Die Entschädigung müsse spürbar sein. Als Richtschnur nennt Billen einen Betrag von 300 Euro pro Person. Bisher zahlt die Bahn maximal 150 Prozent des Fahrpreises – in Reisegutscheinen. Nach Abzug des Fahrpreises sind das zwischen 50 und 100 Euro. "Das reicht nicht“, sagt Billen.
In den vergangenen Tagen sind in zahlreichen ICEs die Klimaanlagen ausgefallen , weil sie mit Außentemperaturen von über 32 Grad überfordert waren. Betroffen waren im Wesentlichen Züge der älteren ICE-2-Flotte. Viele Fahrgäste kollabierten wegen der saunaähnlichen Temperaturen in den Zügen und mussten ärztlich versorgt werden.

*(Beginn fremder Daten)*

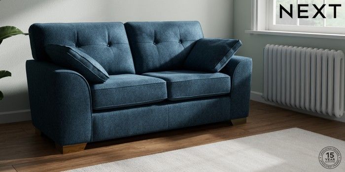 7.2.10 Stamford Buttoned Back Sofa Bed Cotswold Chenille Dark Blue Large Square Angle - Brushed Brass | Made Click here to use our website with more accessibility support, for example screen readers

In dieser Woche beschäftigt sich der Verkehrsausschuss des Bundestages mit der Pannenserie. Eingeladen sind Vertreter des Eisenbahnbundesamtes und der Bahn. Auch Bundesverkehrsminister Peter Ramsauer (CSU) wird teilnehmen. Um das zu ermöglichen, wurde die Sitzung von Dienstag auf Donnerstag verschoben.
Wie Billen fordern auch immer mehr Politiker eine bessere Entschädigung der Opfer. "Die Bahn muss das Vertrauen ihrer Kunden zurückgewinnen", sagt Lucia Puttrich, die verbraucherpolitische Berichterstatterin der CDU/CSU-Bundestagsfraktion.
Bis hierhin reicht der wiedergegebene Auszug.